### What is expected:
Exact copies of the lines below are the goal; any images in them are dropped.

### Supplied material:
+--
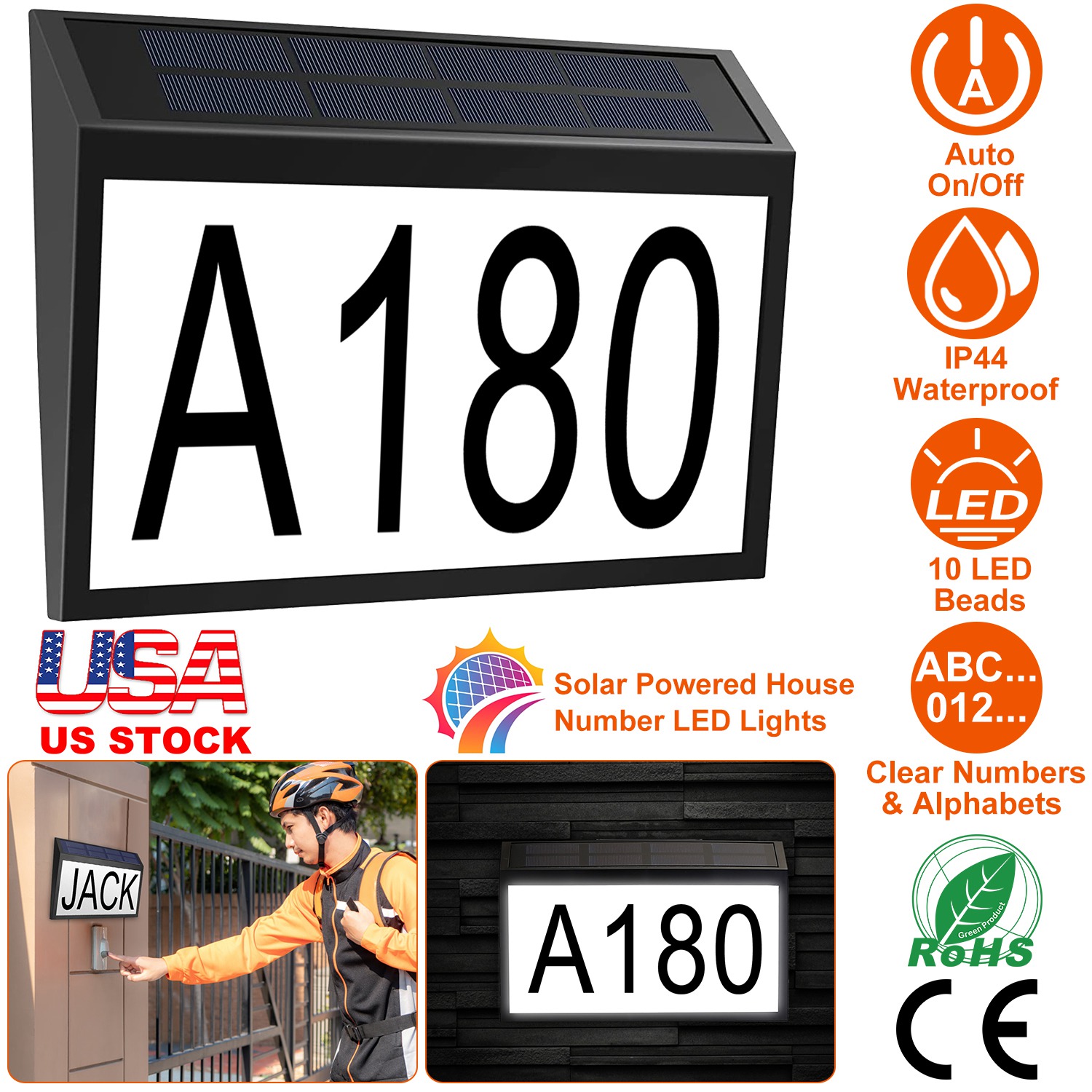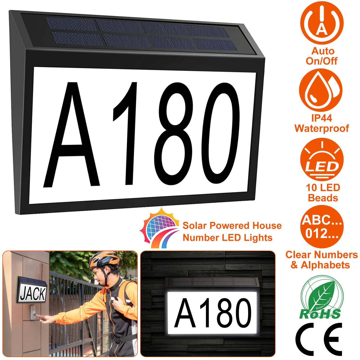 Do you often encounter these problems: the courier or delivery person can't find your address and lose the package, and friends can't find your home when they visit? Our solar powered address sign light can solve your problem easily. Our house number plate adopts solar technology and is equipped with large-size numbers, so that your address sign can be clearly seen during the day or at night, so that postmen, visitors or other emergency situations can easily find your house, which is a good helper to guide. Address plaque and stickers are all waterproof design, which can work as usual in the bad weather of rain and snow outdoors.
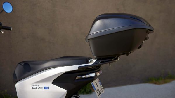 Honda EM1 e: trang bị hệ thống đèn LED, cổng sạc USB, đồng hồ LCD, hộc đồ dưới yên dung tích 3,3 lít, hộc đồ trước, móc treo đồ. Tính năng an toàn với phanh đĩa đơn ở bánh trước, phanh tang trống bánh sau, kèm hệ thống phanh CBS. Độ cao yên 740 mm. Trọng lượng xe ở mức 95 kg tính cả pin.
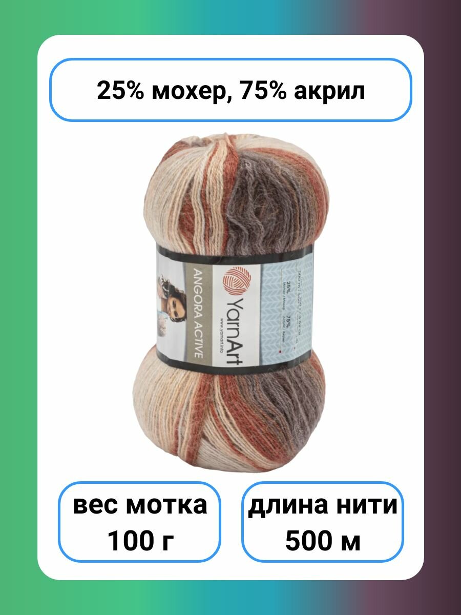 Пряжа для вязания YarnArt 'Angora Active' 100г, 500м (20% мохер, 80% акрил) (853 меланж), 5 мотков 1 078 ₽
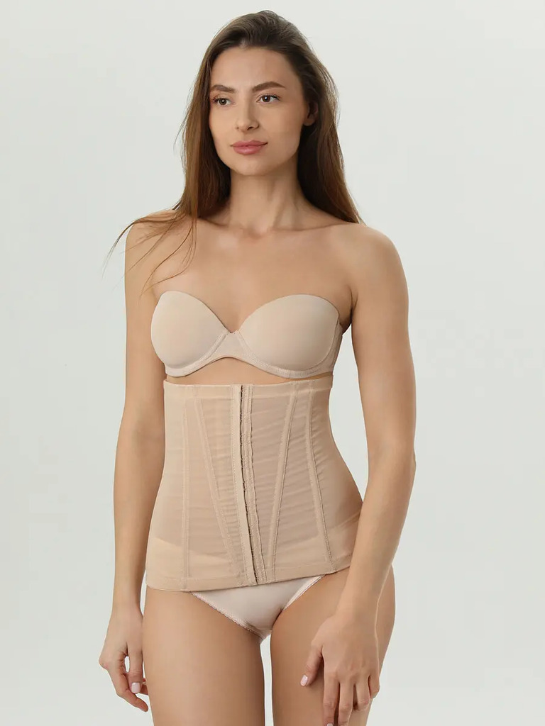 Я прекрасна! Пояс-корсет утягивающий превосходно корректирует фигуру в области талии. Подходит как для повседневного использования, так и для коррекции фигуры в период послеродового восстановления. За... Показать описание счет десяти упругих косточек по высоте всего корсета формируется привлекательный силуэт, подтягивается живот и выравнивается осанка. Три ряда крючков позволяют добиться нужной степени утяжки. Эластичная тесьма с силиконовой полоской по верхнему краю аккуратно фиксирует корсет на теле. Изделие выполнено из легкой плотной сетки, которая идеально сочетается даже с тонкими тканями одежды. Не раздражает кожу и обеспечивает хороший воздухообмен.
+--
### Expected answer:
 Do you often encounter these problems: the courier or delivery person can't find your address and lose the package, and friends can't find your home when they visit? Our solar powered address sign light can solve your problem easily. Our house number plate adopts solar technology and is equipped with large-size numbers, so that your address sign can be clearly seen during the day or at night, so that postmen, visitors or other emergency situations can easily find your house, which is a good helper to guide. Address plaque and stickers are all waterproof design, which can work as usual in the bad weather of rain and snow outdoors.
 Honda EM1 e: trang bị hệ thống đèn LED, cổng sạc USB, đồng hồ LCD, hộc đồ dưới yên dung tích 3,3 lít, hộc đồ trước, móc treo đồ. Tính năng an toàn với phanh đĩa đơn ở bánh trước, phanh tang trống bánh sau, kèm hệ thống phanh CBS. Độ cao yên 740 mm. Trọng lượng xe ở mức 95 kg tính cả pin.
 Пряжа для вязания YarnArt 'Angora Active' 100г, 500м (20% мохер, 80% акрил) (853 меланж), 5 мотков 1 078 ₽
 Я прекрасна! Пояс-корсет утягивающий превосходно корректирует фигуру в области талии. Подходит как для повседневного использования, так и для коррекции фигуры в период послеродового восстановления. За... Показать описание счет десяти упругих косточек по высоте всего корсета формируется привлекательный силуэт, подтягивается живот и выравнивается осанка. Три ряда крючков позволяют добиться нужной степени утяжки. Эластичная тесьма с силиконовой полоской по верхнему краю аккуратно фиксирует корсет на теле. Изделие выполнено из легкой плотной сетки, которая идеально сочетается даже с тонкими тканями одежды. Не раздражает кожу и обеспечивает хороший воздухообмен.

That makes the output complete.